Records from a dataset -
##########

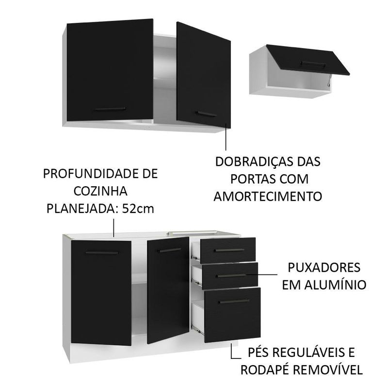 Casa e DecoraçãoMóveisCozinhasArmário de Cozinha Compacta 180cm Branco/Preto Agata Madesa 09
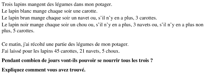 Trouver le nombre de jours qu'un certains nombre de légumes permettent de nourrir trois lapins aux régimes alimentaires divers.
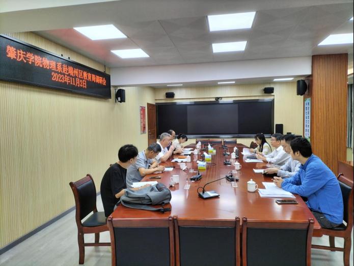 【本网讯】2023年11月2日上午,在我院党委书记黄伟带领下,副院长程绪信、副院长刘立程和物理系部分教师组成调研组,前往肇庆市端州区教育局开展座谈交流和调研工作。端州区教育局杨坚副局长、人事股股长温浩宇、范嘉慧主任、物理教研员周新书等领导热情欢迎和接待了调研组。
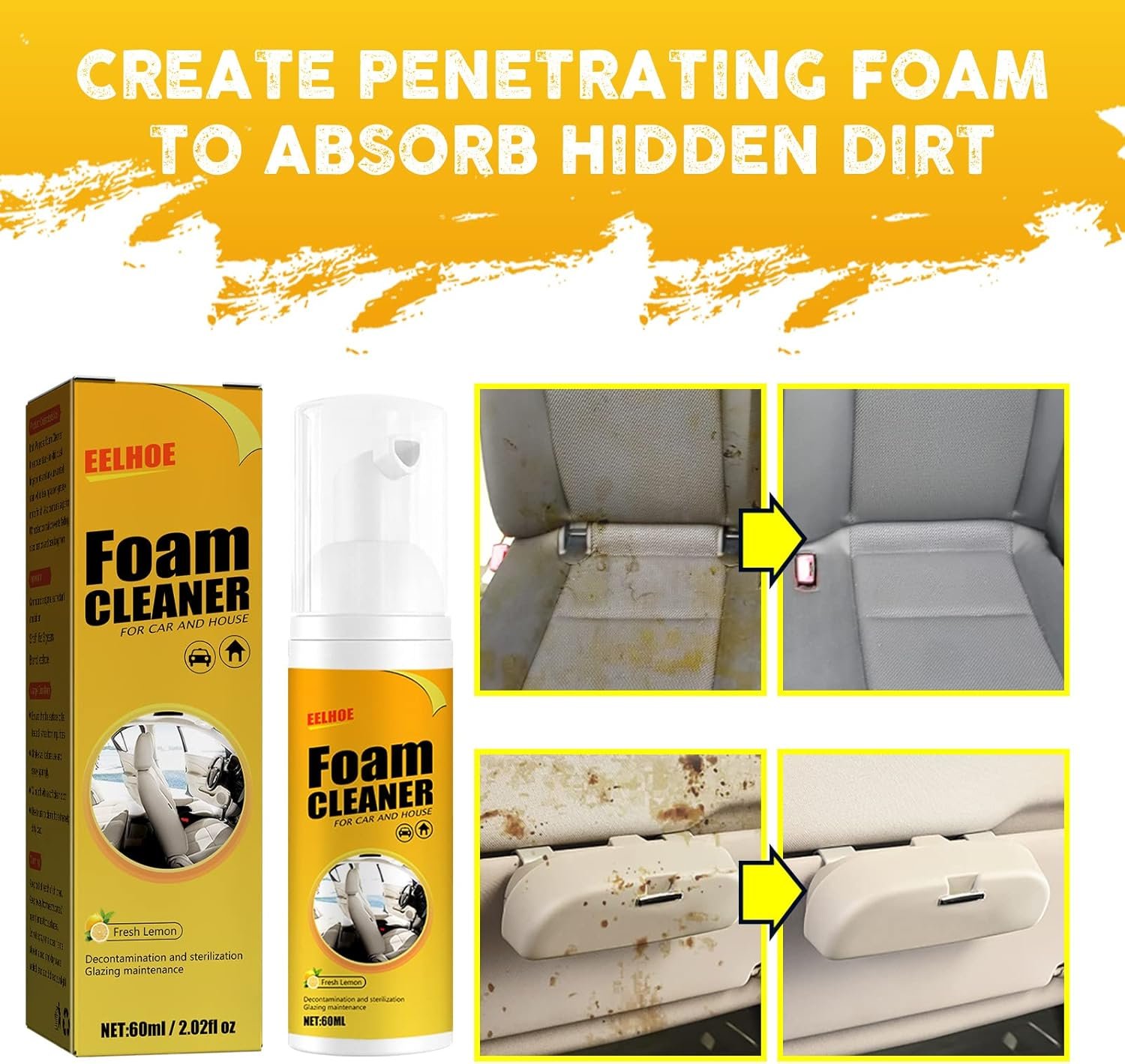 Versatile Cleaning for Multiple Surfaces: This Foam Cleaner is ideal for cleaning a wide range of surfaces in both your car and home. From upholstery to countertops, it easily lifts dirt, grease, and stains, ensuring that your car interiors and home spaces stay spotless and fresh
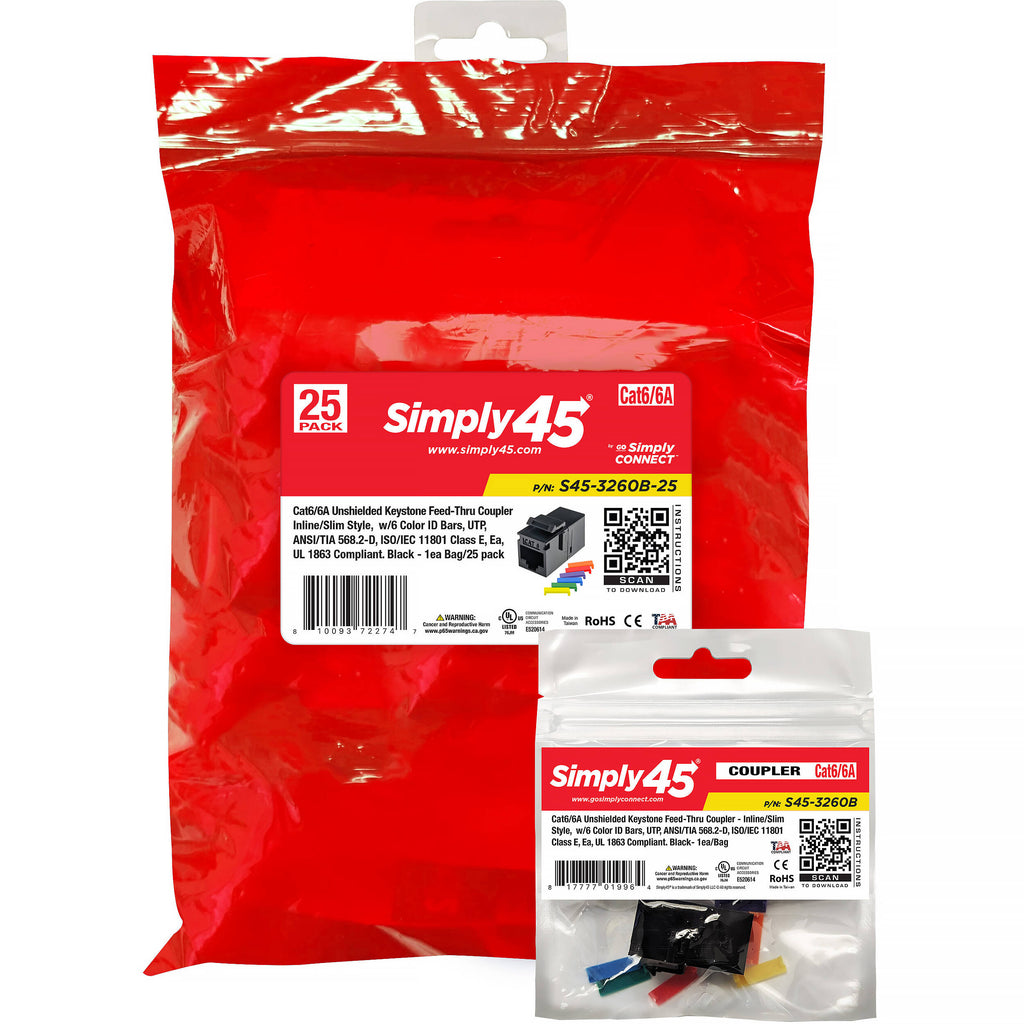 The Simply45 Cat6 UTP RJ45 Keystone Coupler includes multicolored keystone snap-on ID bars. RoHS compliant, this coupler meets ANSI/TIA 568.2-D and ISO/IEC 11801 Class E standards.
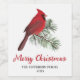 Modern watercolor script Merry Christmas and red Cardinal bird on a pine branch wine label. Personalise these and add these to your holiday party event or family gathering to make it even more special. Find more like this design in the Cardinal bird holiday collection below this product or in my store.
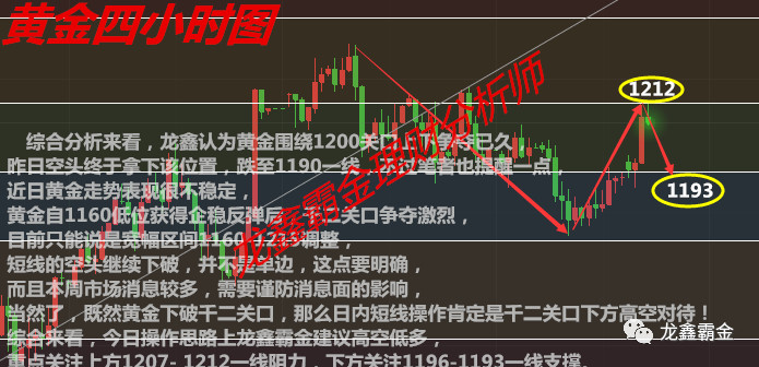 综合分析来看,龙鑫认为黄金围绕1200关口上下争夺已久,昨日空头终于拿下该位置,跌至1190一线,不过笔者也提醒一点,近日黄金走势表现很不稳定,黄金自1160低位获得企稳反弹后,千二关口争夺激烈,目前只能说是宽幅区间1160-1215调整,短线的空头继续下破,并不是单边,这点要明确,而且本周市场消息较多,需要谨防消息面的影响,当然了,既然黄金下破千二关口,那么日内短线操作肯定是千二关口下方高空对待!综合来看,今日操作思路上龙鑫霸金建议高空低多,重点关注上方1207- 1212一线阻力,下方关注1196-1193一线支撑。 黄金9.6操作建议:
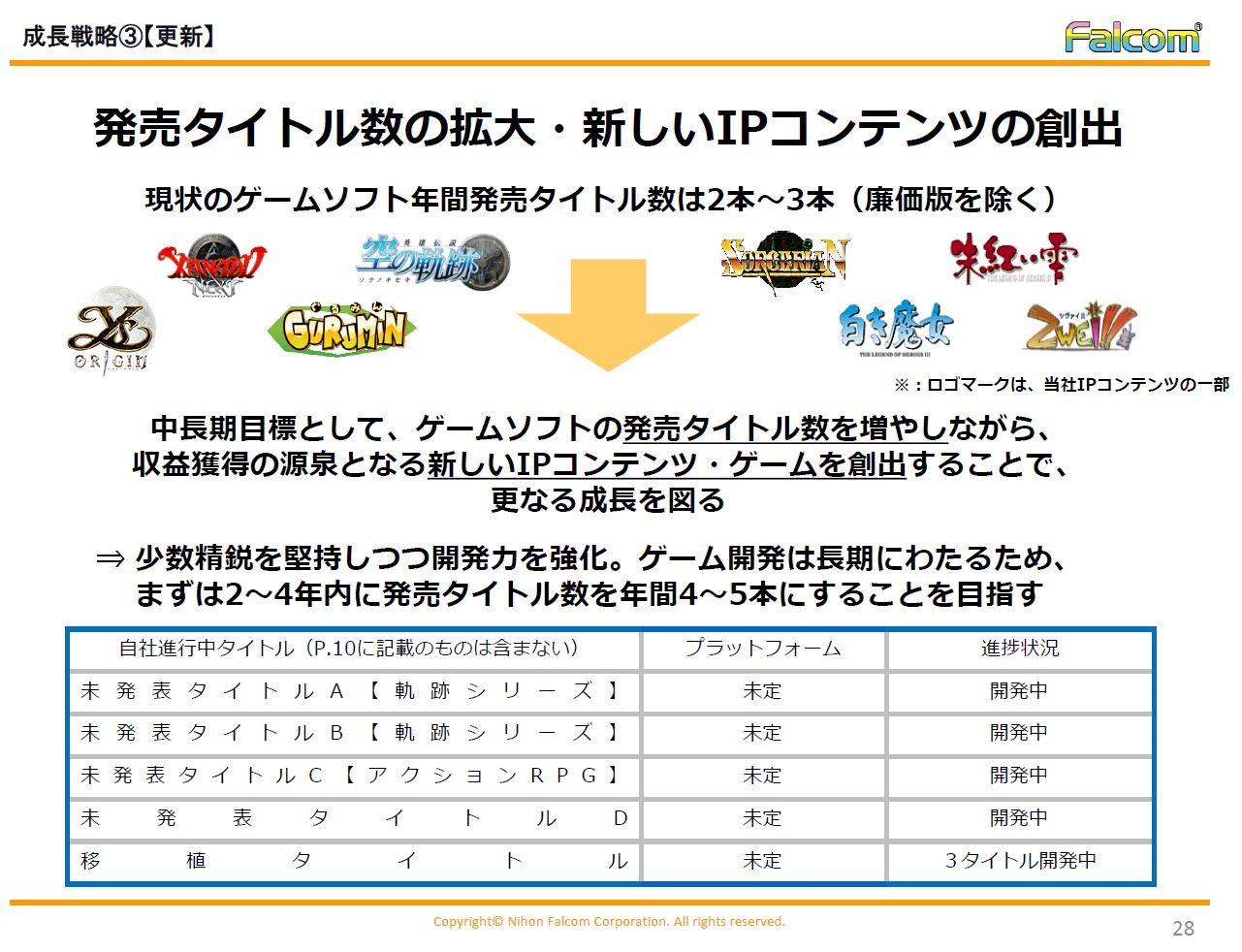 開発中のタイトルは軌跡シリーズのRPGが2本、未発表のARPGが1本、未発表タイトルが1本、移植タイトルが1本の5タイトルが存在しているとのことですが…
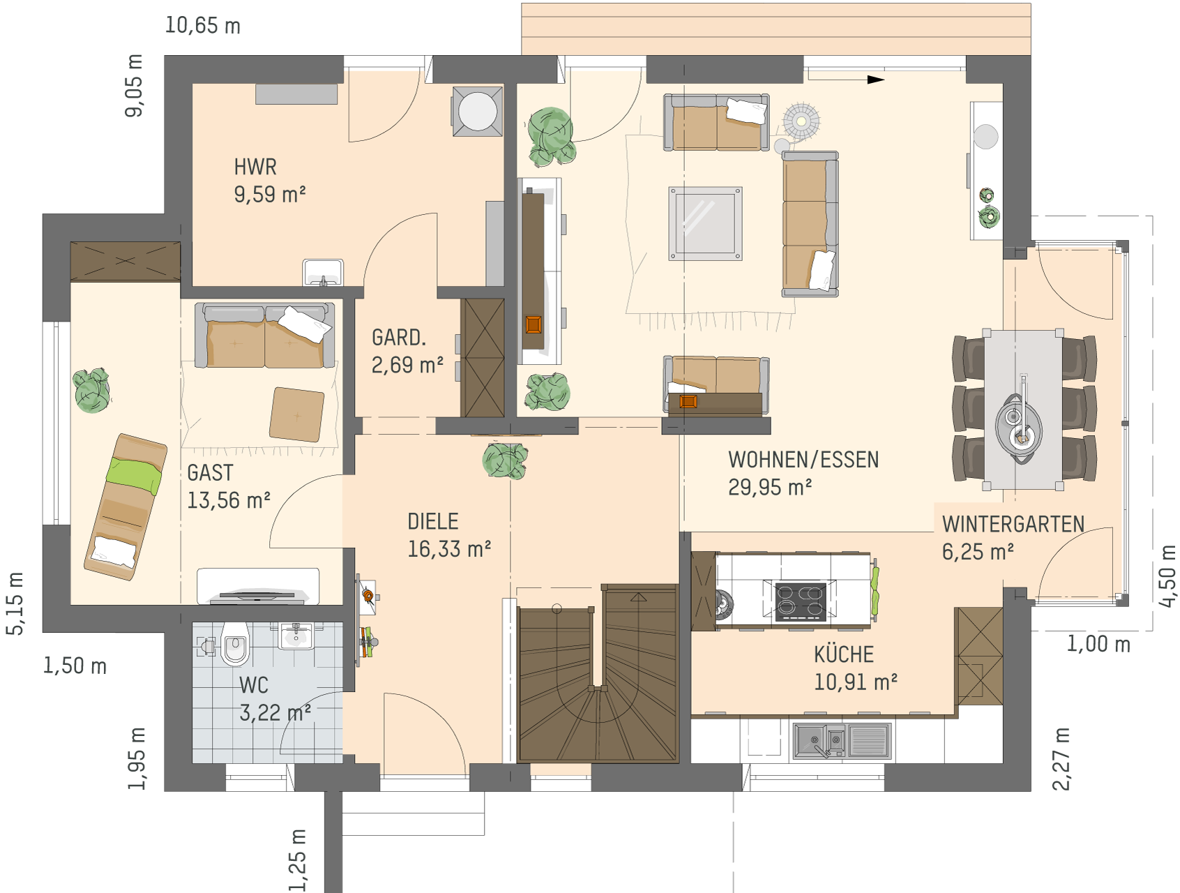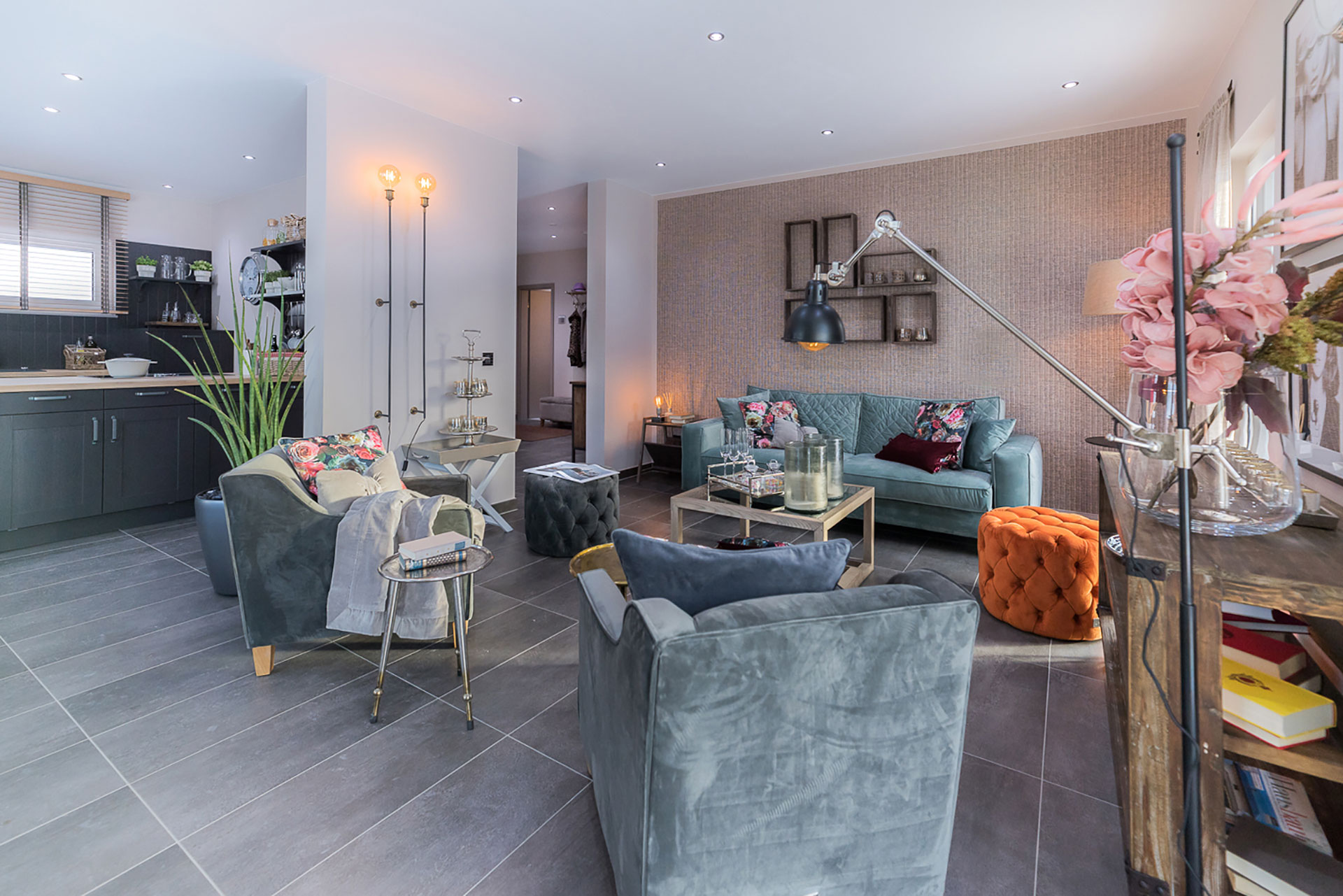 Mit einer Wohnfläche von 166,87 m2 (EG: 92,50 m2, DG: 74,37 m2 nach DIN 277) bietet das Einfamilienhaus ausreichend Platz für eine vierköpfige Familie und hat sogar noch Raumreserven für ein Gästezimmer, ein Homeoffice – oder weiteren Nachwuchs. Drei gut geschnittene Räume im Dach- und ein weiteres Zimmer im Erdgeschoss von jeweils 14 bis 16 m2 sind flexibel nutzbar. Vor allem aber bietet die Wohnetage mit großzügiger Diele und einem geradezu üppigen Wohn-/Ess- und Kochbereich von insgesamt 40 m2 viel Platz für ein lebendiges Miteinander. Highlight in diesem Bereich ist der Essplatz im Wintergarten, hell und mit direkter Anbindung an den Garten. Ein schönes Detail im Gästezimmer: das „Gemütlichkeitsfenster“. Dabei handelt es sich um das Fenster im Erker, dessen Fensterbank zu einer behaglichen Sitzbank vergrößert wurde. Ein wunderbarer Ort zum Lesen, Kuscheln, Handarbeiten oder einfach nur Relaxen – obendrein mit tollem Blick in den Garten. Aber nicht nur ans Wohlfühlen wurde bei der Planung gedacht, auch die praktischen Aspekte überzeugen. So schließen an die Diele eine Garderobe und ein großer Hauswirtschaftsraum an. Im Alltag sind es gerade diese Lösungen, die das Leben erleichtern.

##########

Please write out every record above exactly, but leave the pictures out.

 Casa e DecoraçãoMóveisCozinhasArmário de Cozinha Compacta 180cm Branco/Preto Agata Madesa 09
 Trouver le nombre de jours qu'un certains nombre de légumes permettent de nourrir trois lapins aux régimes alimentaires divers.
 【本网讯】2023年11月2日上午,在我院党委书记黄伟带领下,副院长程绪信、副院长刘立程和物理系部分教师组成调研组,前往肇庆市端州区教育局开展座谈交流和调研工作。端州区教育局杨坚副局长、人事股股长温浩宇、范嘉慧主任、物理教研员周新书等领导热情欢迎和接待了调研组。
 Versatile Cleaning for Multiple Surfaces: This Foam Cleaner is ideal for cleaning a wide range of surfaces in both your car and home. From upholstery to countertops, it easily lifts dirt, grease, and stains, ensuring that your car interiors and home spaces stay spotless and fresh
 The Simply45 Cat6 UTP RJ45 Keystone Coupler includes multicolored keystone snap-on ID bars. RoHS compliant, this coupler meets ANSI/TIA 568.2-D and ISO/IEC 11801 Class E standards.
 Modern watercolor script Merry Christmas and red Cardinal bird on a pine branch wine label. Personalise these and add these to your holiday party event or family gathering to make it even more special. Find more like this design in the Cardinal bird holiday collection below this product or in my store.
 综合分析来看,龙鑫认为黄金围绕1200关口上下争夺已久,昨日空头终于拿下该位置,跌至1190一线,不过笔者也提醒一点,近日黄金走势表现很不稳定,黄金自1160低位获得企稳反弹后,千二关口争夺激烈,目前只能说是宽幅区间1160-1215调整,短线的空头继续下破,并不是单边,这点要明确,而且本周市场消息较多,需要谨防消息面的影响,当然了,既然黄金下破千二关口,那么日内短线操作肯定是千二关口下方高空对待!综合来看,今日操作思路上龙鑫霸金建议高空低多,重点关注上方1207- 1212一线阻力,下方关注1196-1193一线支撑。 黄金9.6操作建议:
 開発中のタイトルは軌跡シリーズのRPGが2本、未発表のARPGが1本、未発表タイトルが1本、移植タイトルが1本の5タイトルが存在しているとのことですが…
 Mit einer Wohnfläche von 166,87 m2 (EG: 92,50 m2, DG: 74,37 m2 nach DIN 277) bietet das Einfamilienhaus ausreichend Platz für eine vierköpfige Familie und hat sogar noch Raumreserven für ein Gästezimmer, ein Homeoffice – oder weiteren Nachwuchs. Drei gut geschnittene Räume im Dach- und ein weiteres Zimmer im Erdgeschoss von jeweils 14 bis 16 m2 sind flexibel nutzbar. Vor allem aber bietet die Wohnetage mit großzügiger Diele und einem geradezu üppigen Wohn-/Ess- und Kochbereich von insgesamt 40 m2 viel Platz für ein lebendiges Miteinander. Highlight in diesem Bereich ist der Essplatz im Wintergarten, hell und mit direkter Anbindung an den Garten. Ein schönes Detail im Gästezimmer: das „Gemütlichkeitsfenster“. Dabei handelt es sich um das Fenster im Erker, dessen Fensterbank zu einer behaglichen Sitzbank vergrößert wurde. Ein wunderbarer Ort zum Lesen, Kuscheln, Handarbeiten oder einfach nur Relaxen – obendrein mit tollem Blick in den Garten. Aber nicht nur ans Wohlfühlen wurde bei der Planung gedacht, auch die praktischen Aspekte überzeugen. So schließen an die Diele eine Garderobe und ein großer Hauswirtschaftsraum an. Im Alltag sind es gerade diese Lösungen, die das Leben erleichtern.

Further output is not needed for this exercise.